*** Data below Section Begins ***

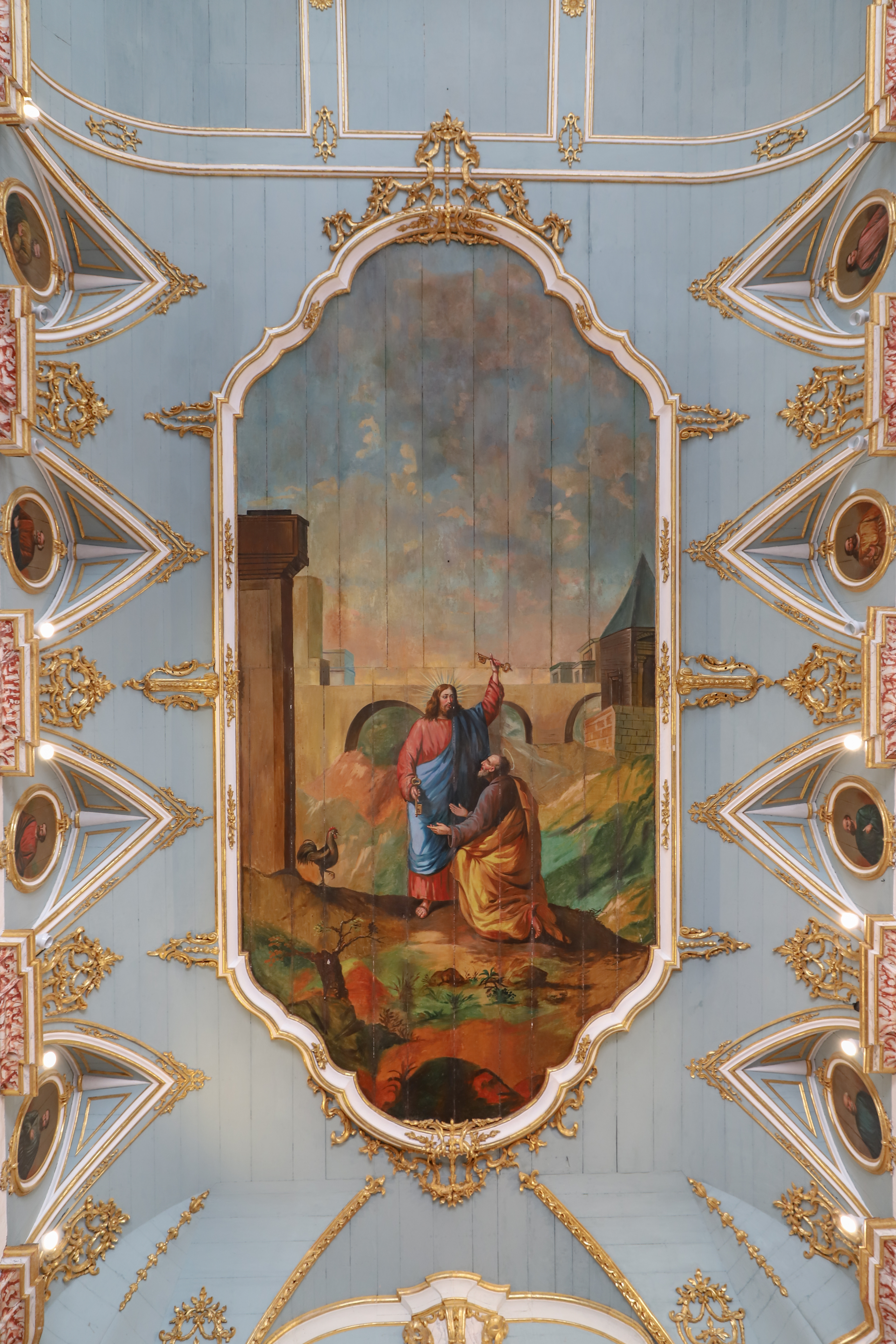 Painting of ceiling of nave, Igreja de São Pedro dos Clérigos (Church of Saint Peter of the Clergymen), Salvador, Bahia, Brazil.
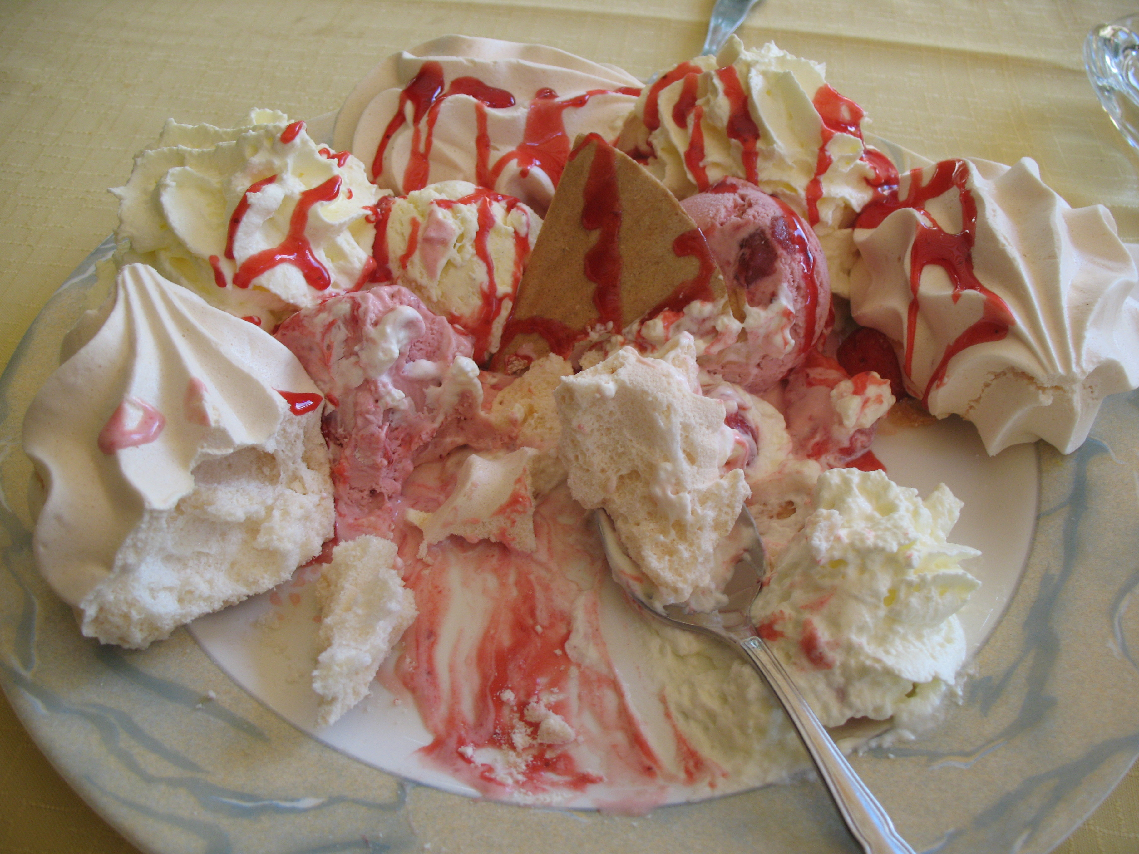 Meringue at the Restaurant Da Ernesto - MostroLuzern, Meiringen, Switzerland
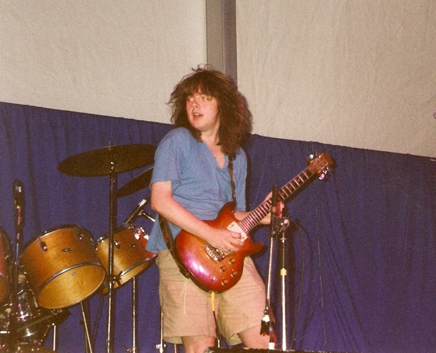 Troy Donockley with You Slosh in 1991

*** Data below Section Ends ***

Write the data above out again exactly, minus its pictures.

 Painting of ceiling of nave, Igreja de São Pedro dos Clérigos (Church of Saint Peter of the Clergymen), Salvador, Bahia, Brazil.
 Meringue at the Restaurant Da Ernesto - MostroLuzern, Meiringen, Switzerland
 Troy Donockley with You Slosh in 1991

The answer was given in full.